Gaston ha effettuato ulteriori ricerche per rintracciare eventuali parenti a cui donare la piastrina e, tramite Facebook, ha contattato alcuni familiari. La piastrina partita dagli U.S.A. a metà ottobre è attualmente in transito nell’aeroporto di Milano Malpensa e, per i vari controlli, potrebbe arrivare nell’arco di due mesi.

Pizzocchia, era un caporal maggiore del Battaglione L’Aquila e aveva appena compiuto 21 anni il 7 dicembre del 1942. Non c’era nulla da festeggiare a ridosso di quel sanguinoso Natale di guerra sul fronte russo, durante la ritirata e per sfondare la sacca in cui erano intrappolati dall’Armata rossa, il giovane alpino abruzzese venne considerato scomparso e morto presunto, fino all’atto definitivo di morte del 1985 da parte della Commissione Interministeriale.

Non è stato il solo a perdere la vita in quelle drammatiche circostanze. Erano tre le divisioni raggruppate del 4º Corpo d'armata alpino, fra nuove leve e reduci del fronte greco-albanese, agli ordini del generale Nasci: la Cuneense (generale Battisti), la Tridentina (generale Reverberi) e la Julia (generale Ricagno), che sommavano circa 55 mila uomini.

L’attesa per il ritorno di una piastrina appartenuta alla breve vita di un figlio della Valle Subequana, morto in un’allucinante guerra, suscita molta emozione.

Amelio, attualmente, non ha eredi diretti, ma solo nipoti. A Castelvecchio Subequo pertanto sarà organizzata una cerimonia.
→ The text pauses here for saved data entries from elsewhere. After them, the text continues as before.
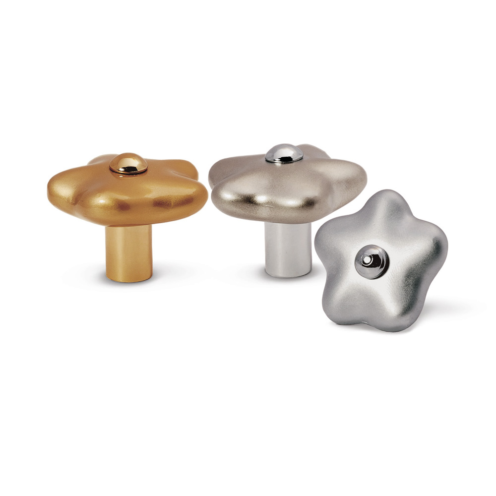 Πόμολο επίπλου λουλουδάκι σε κομψό και λειτουργικό design, κατάλληλο για ντουλάπια κουζίνας και για όλες τις ντουλάπες. Διατίθεται σε τρείς χρωματικές επιλογές Χρώμιο – Σατέν Νίκελ, Χρώμιο – Σατέν Χρώμιο και Όρο – Σατέν Όρο.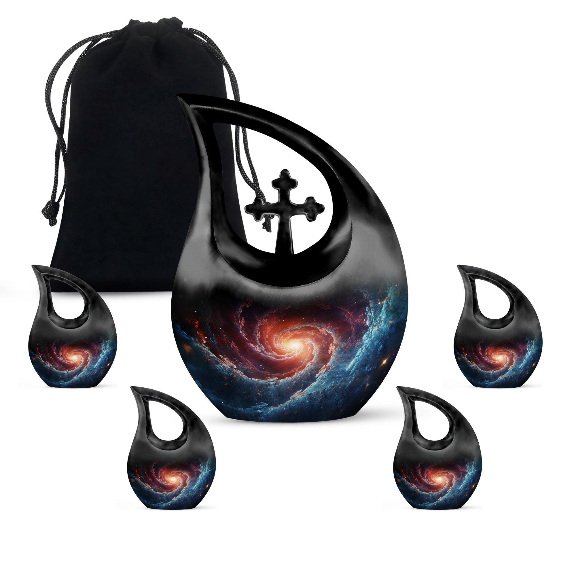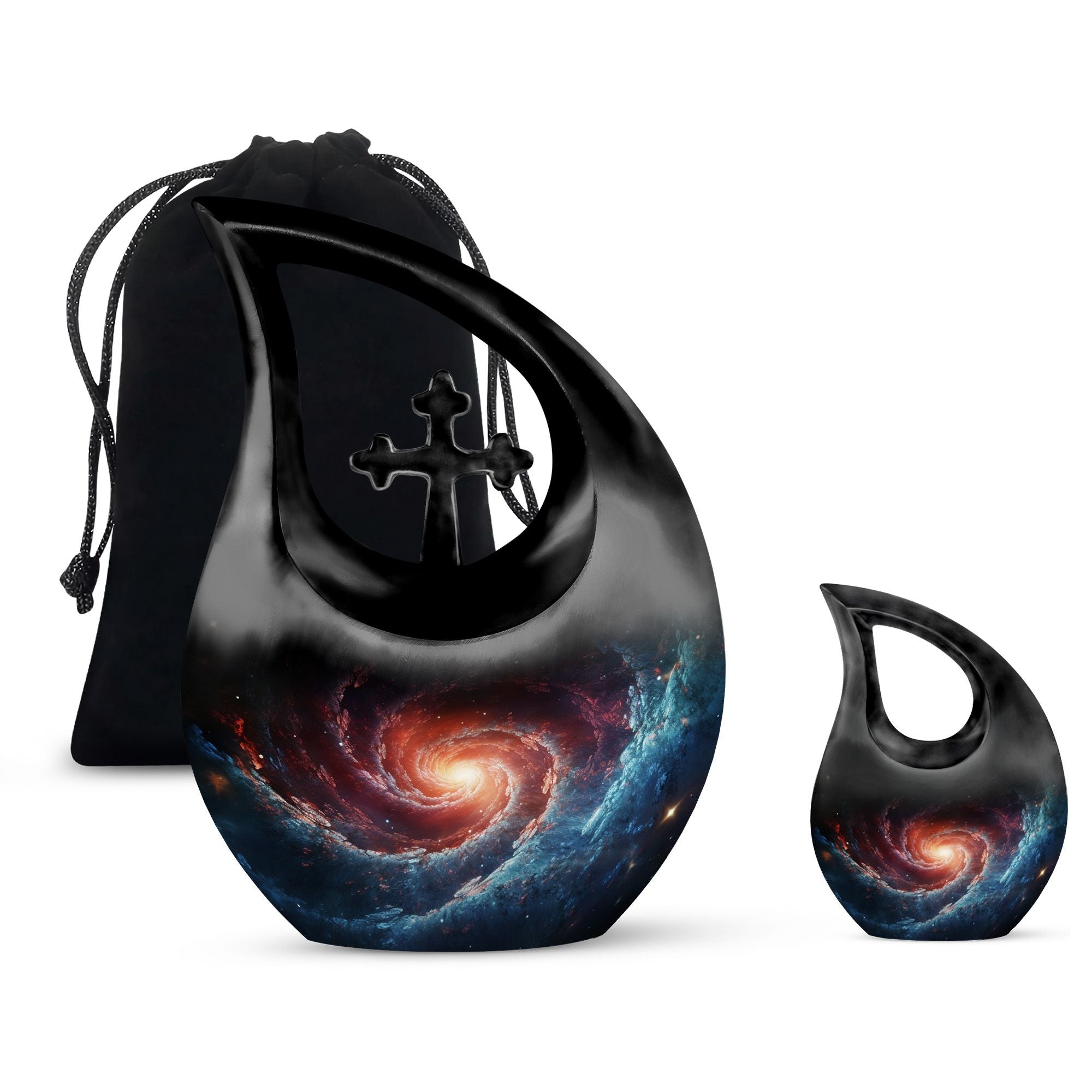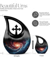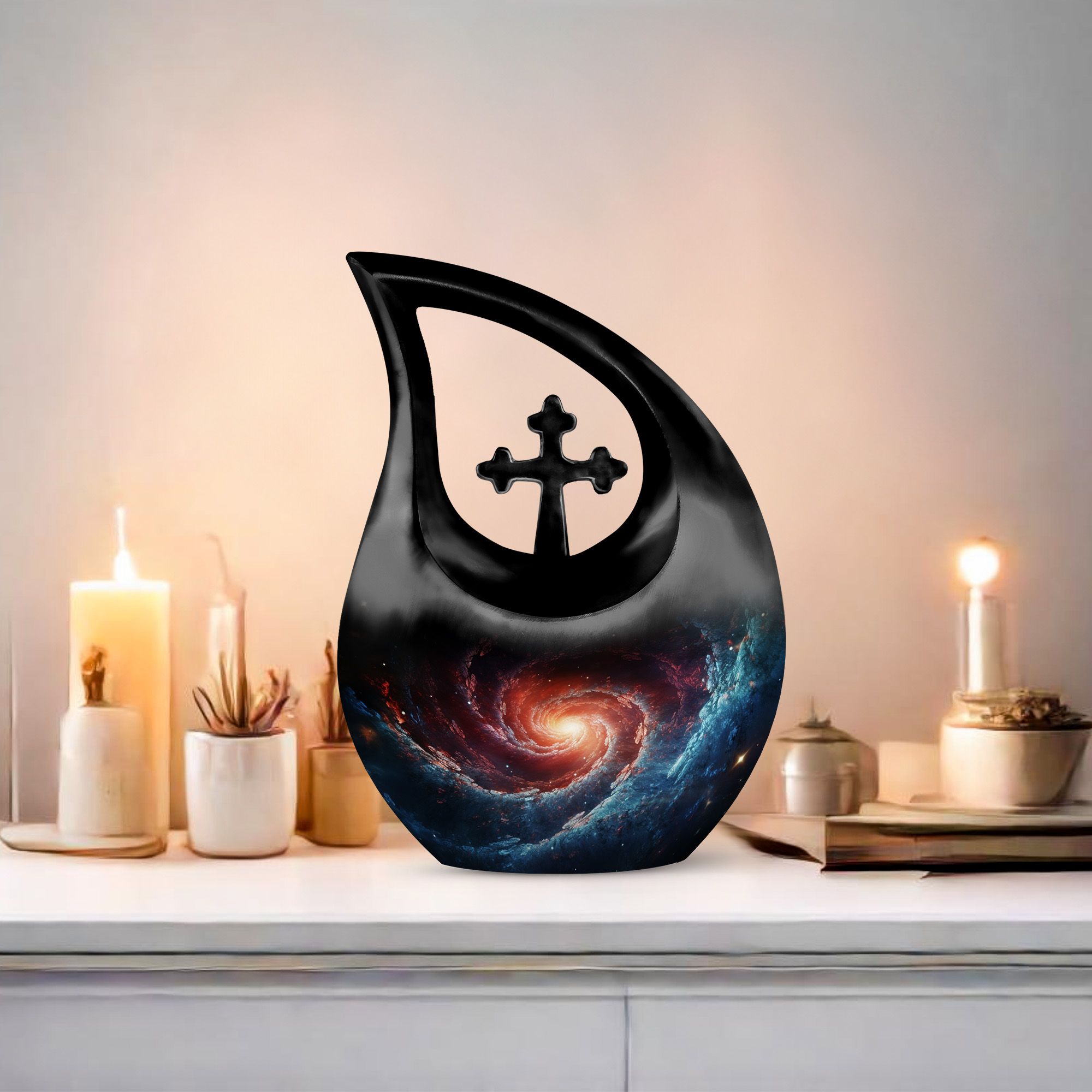 Honor your loved one with this Galaxy Spiral Themed Cremation Urn, a universe-inspired memorial symbolizing eternity, peace, and endless connection. Designed with compassion, it offers a meaningful tribute whether you need urns for human ashes women, funeral urns men, or a dignified burial urn men option.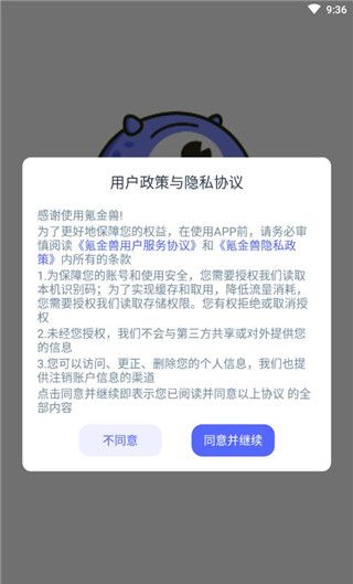 1、在本站下载氪金兽app并打开然后同意许可协议;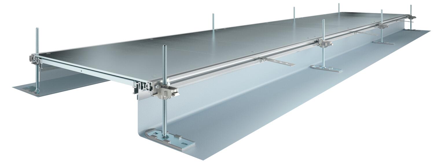 Opis proizvodaZa ugradnju gotova kanalna jedinica u ravni sa košuljicom za instalaciju kablova, sastoji se od 3 sistemska poklopca, dva bočna profila sa pričvršćenim fleksibilnim bočnim zidom od metalne mreže, profila za pričvršćivanje podne obloge H = 3 mm. Za suve unutrašnje prostorije sa suvim održavanim podovima. Sa odgovarajućim sistemskim priborom pogodan i za podove sa mokrim čišćenjem. Opseg isporuke uključuje 6 montažnih nosača podesivih po visini, 6 ankera za košuljicu i 3 zaptivača spojnica za širine kanala od 200, 300 i 400 ili 6 nosača za spojnice za širine kanala od 500 i 600. Apsolutno neophodne jedinice za nivelisanje (obratite pažnju na visinu nivelacije) za podupirače poklopca 400, 500 i 600 nisu uključene u obim isporuke, molimo naručite posebno. Poklopci kanala su prilikom isporuke zašrafljeni.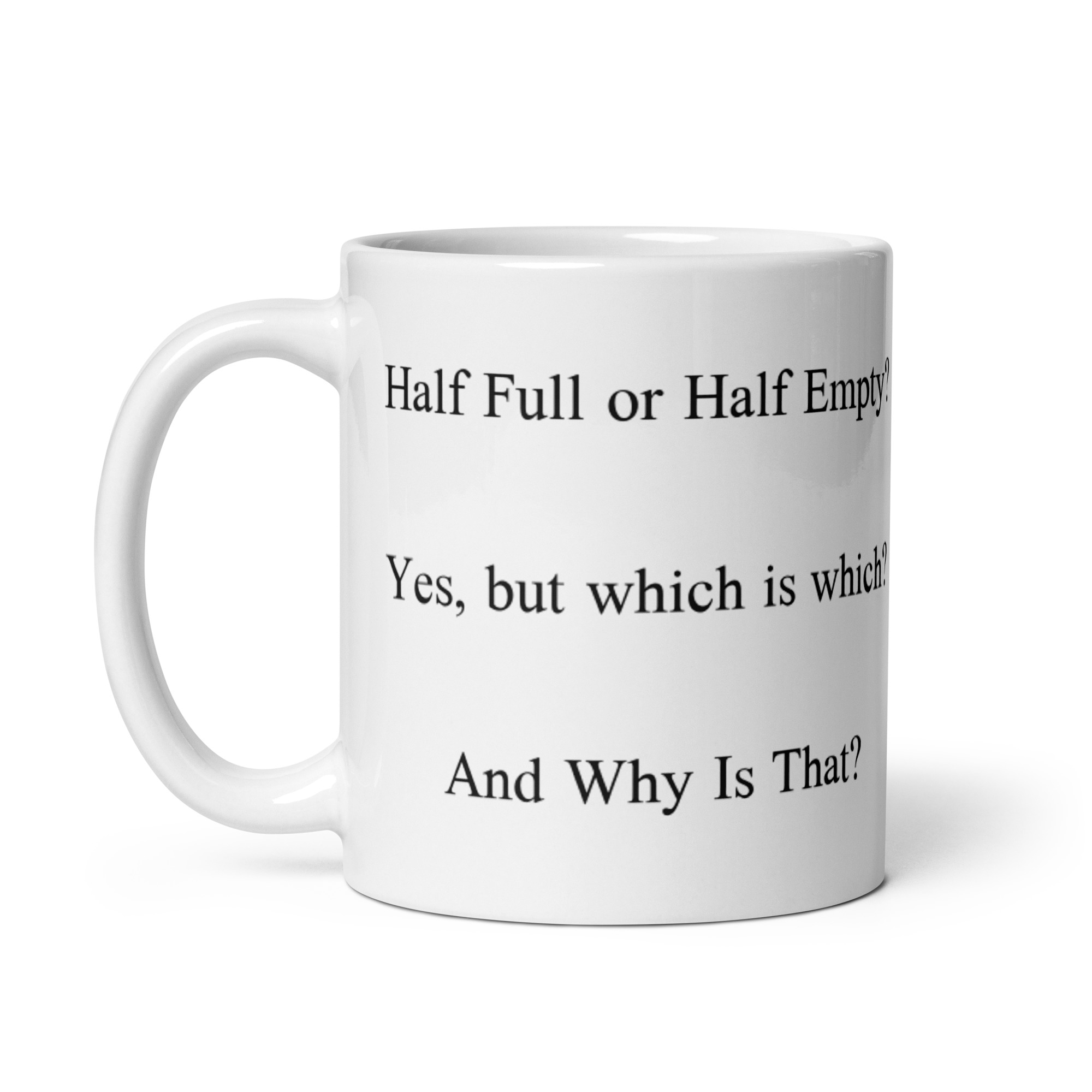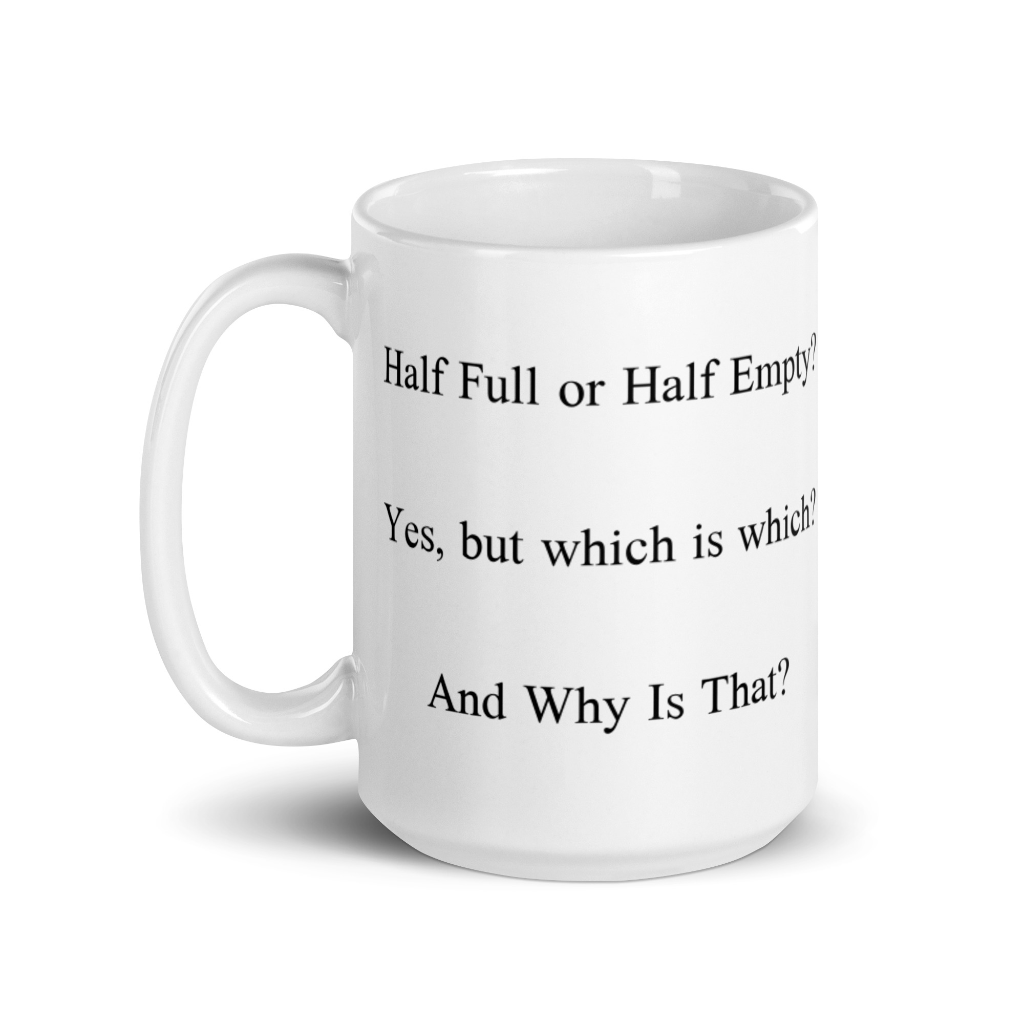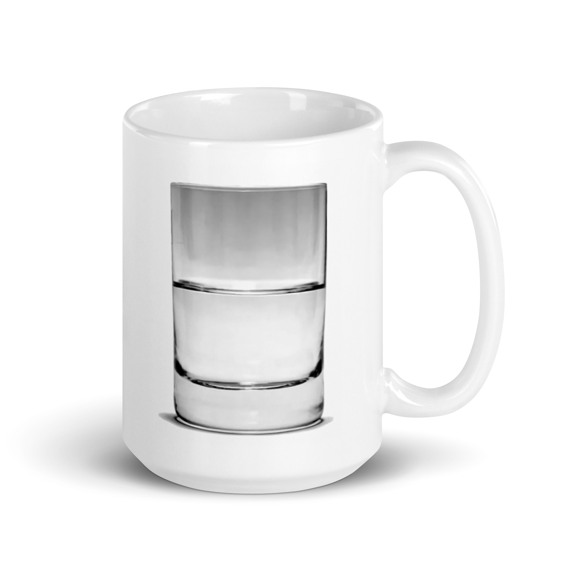 Many will think this the age old question about attitude. It is but with a twist. The intent with this prop is to call out presumptive arrogance. This is in reality an image of an inverted glass completely immersed in a clear liquid with an gas bubble holding it in place. The image has been inverted to give the illusion it is full of liquid. The point is to think and see, as you look. Look carefully at the meniscus inside the glass. The meniscus is inverted because the fluid is outside the glass, not in it. This page is the only page where we will post the answer to this riddle. Whether you’re drinking your morning coffee, evening tea, or something in between – this mug’s for you! It’s sturdy and glossy with a vivid print that’ll withstand the microwave and dishwasher.

Si sta pensando ad una sezione museale, nell’ambito della Comunità montana sirentina – Ecomuseo d’Abruzzo, raccogliendo con l’aiuto della cittadinanza i vari i cimeli e foto, dedicati ai conflitti mondiali del secolo scorso, fino alla liberazione del 1945. 

L’iniziativavuole coinvolgere i volontari del Servizio civile nazionale, essendo la Comunità montana sirentina un ente accreditato, e le locali istituzioni scolastiche.

La finalità vuole essere anche a valenza pedagogica, per evitare quel rischio temuto da Wiston Churchill che diceva che ''la storia è maestra di vita, ma ha negli uomini dei pessimi studenti'', così le nuove generazioni, più consapevoli della brutalità della guerra, potranno desiderare sempre più un mondo di pace.